Senvest reportedly became curious about GameStop after viewing a presentation from the new GameStop CEO at a consumer investment conference in January 2020.
The hedge fund firm spoke with the management and noted activity around the company including the involvement of Chewy Inc (NYSE: CHWY) co-founder Ryan Cohen.
“It is not just little people on the long side here. There are huge players playing both sides of GameStop,” said Thomas Peterffy, chairman of Interactive Brokers Group Inc, the Journal reported.
Why It Matters: GameStop has reportedly turned out to be the hedge fund’s most profitable investment in terms of dollars earned and its internal rate of return.
Senvest’s flagship fund’s worth has run up from $1.6 billion at end of 2020 to $2.4 billion. In January, the fund returned 38.4% after fees, the Journal noted.
Hedge fund firm Mudrick Capital Management LP made $200 million on another Reddit investor favorite AMC Entertainment Holdings Inc (NYSE: AMC).
Melvin Capital, the hedge fund at the center of the GameStop saga lost 53% in January by betting against the retailer.

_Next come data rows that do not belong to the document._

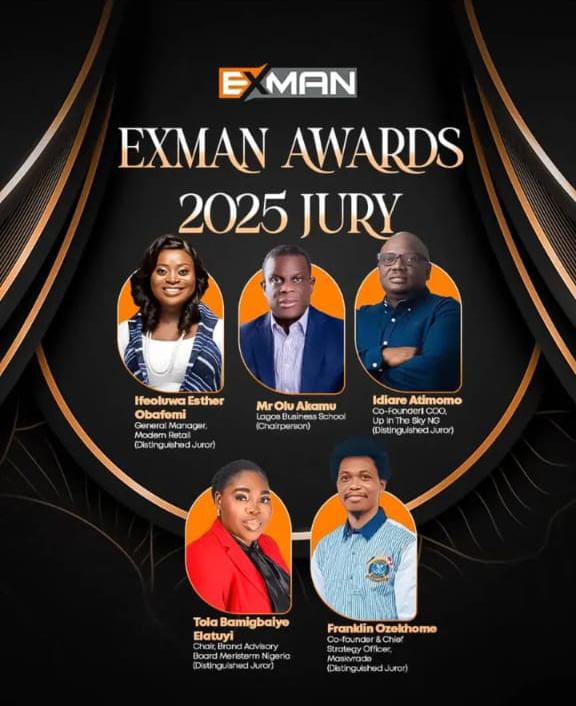 As part of preparation for its Annual General Meeting and prestigious Awards for Excellence, the Experiential Marketers Association of Nigeria (EXMAN) has named industry experts, Olu Akanmu, Academic Director, Lagos Business School; Ifeoluwa Esther Obafemi, General Manager, Modern Retail; Idiare Atimomo, Co-Founder and COO at Up In The Sky NG; Dr. Tola Bamigbaiye Elatuyi, Chair, Brand Advisory Board, Meristerm Nigeria and Franklin Ozekhome, Co-founder & Chief Strategy Officer at Maskvrade, as members of its 2025 awards jury.
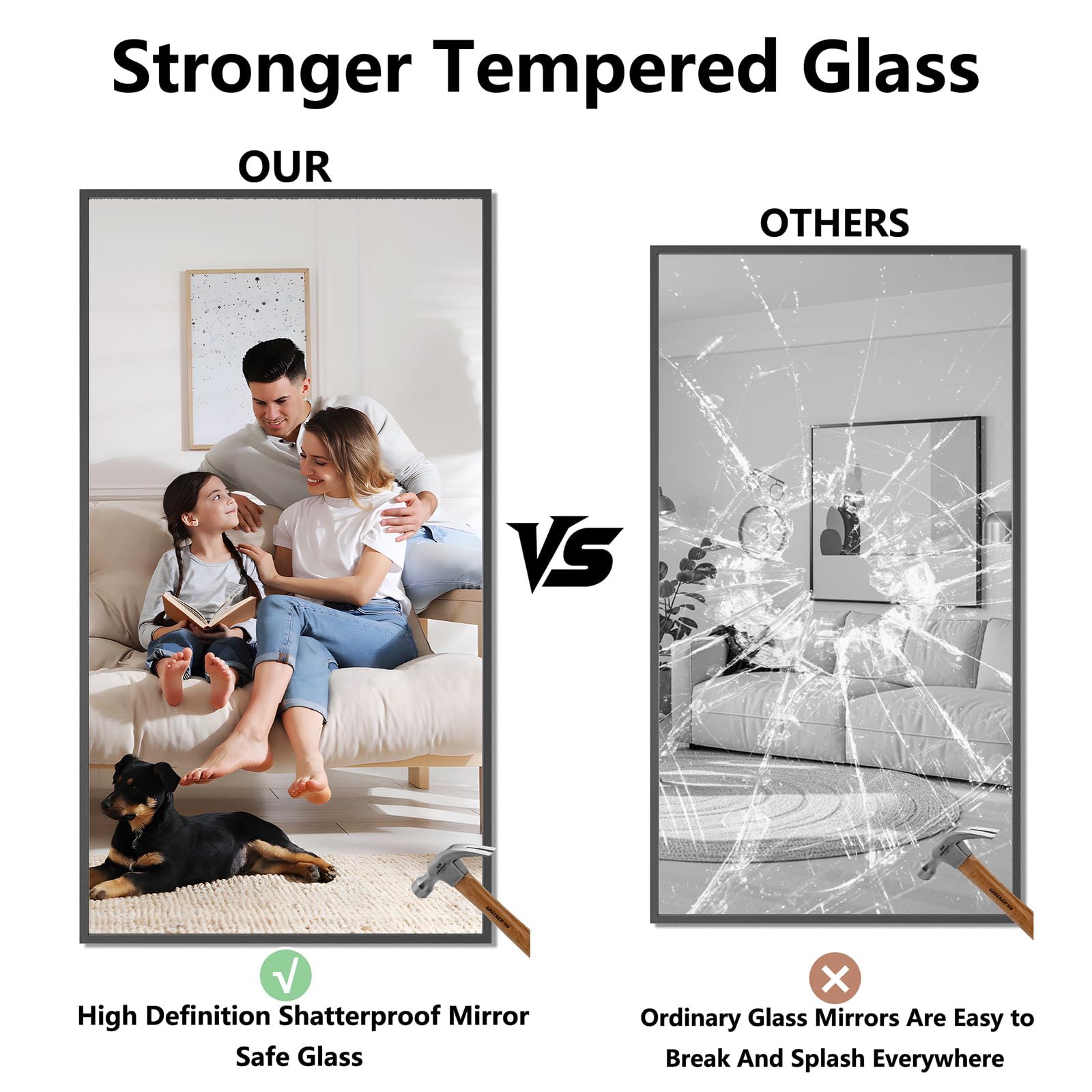 This versatile large mirror works beautifully in bathrooms as an over-sink vanity mirror, in bedrooms as a full-length dressing mirror, or in living rooms and entryways to create the illusion of more space and light.
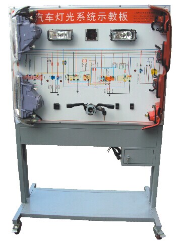 本产品选用原车灯光系统实物,展示汽车灯光系统的结构与原理;面板上绘有完整的灯光系统的电路图,设置有检测端子,可通过仪器仪表检测各种信号参数如电压、电阻、频率等。
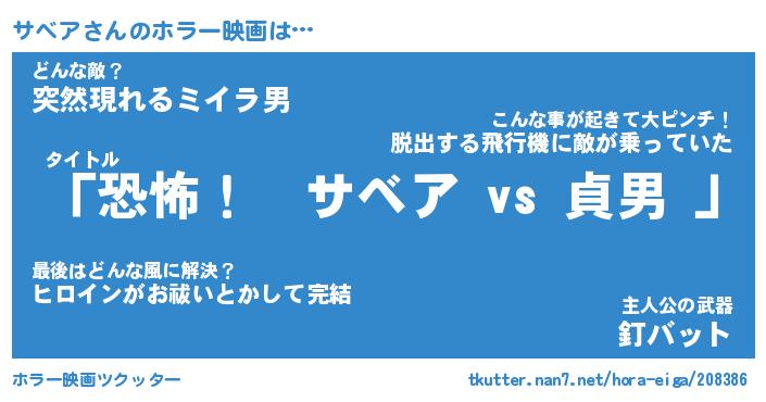 | 胡散臭い通販商品みたいなあだ名 | 『必ず成功する霊験あらたかなお札…その名も「サベア」』 |
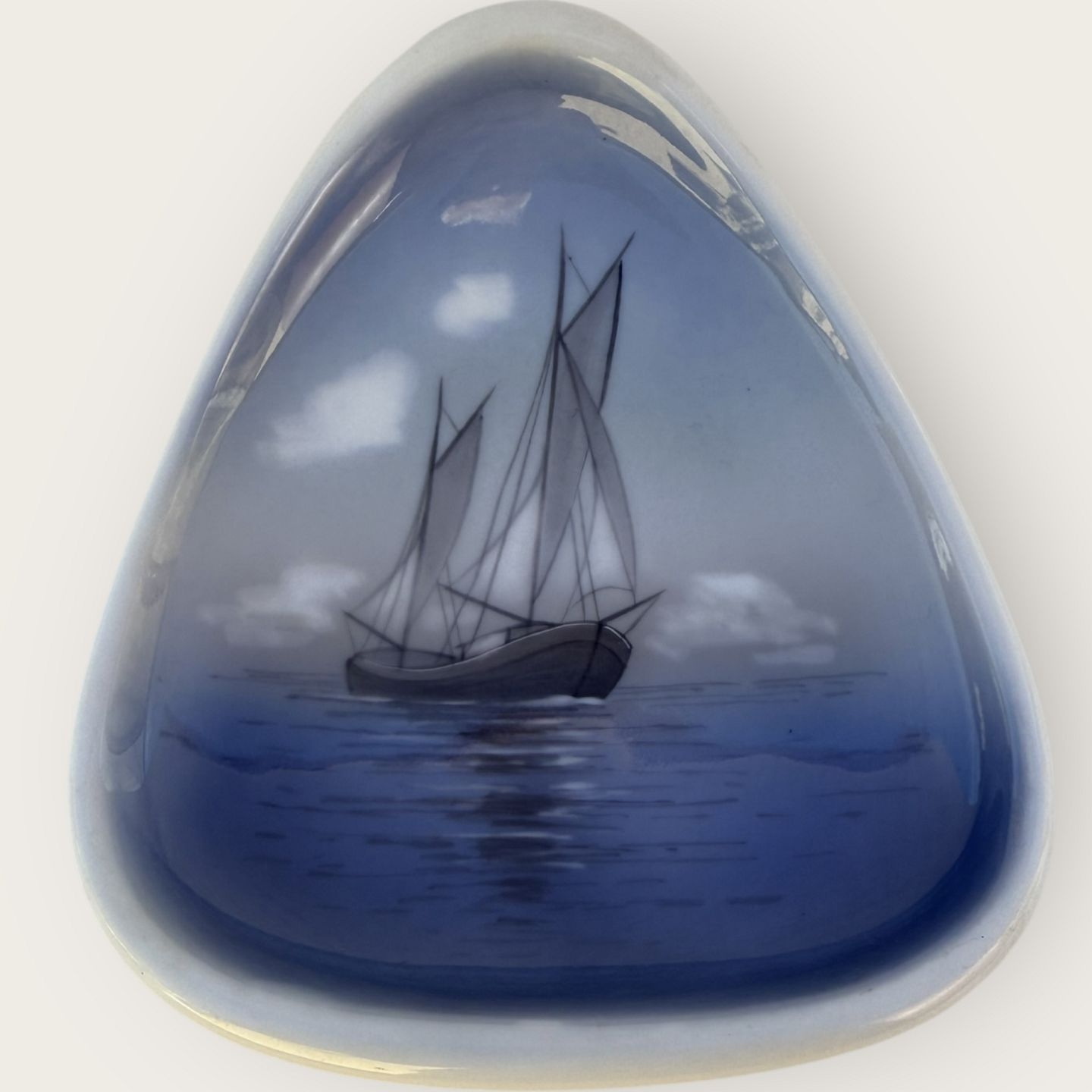 Lyngby porcelæn, skål med sejlskib 18x15,5cm, ustemplet, # 111-2 *pæn stand*

The recent plunge in Reddit hot stocks has hurt members of WallStreetBets with Keith Patrick Gill, better known as Deep F---ing Value and Roaring Kitty, losing more than $13.6 million on his GameStop investment on Tuesday.
Price Action: On Wednesday, GameStop shares fell 3.82% in the after-hours session to $88.88 after closing 2.68% higher at $92.41 in the regular session.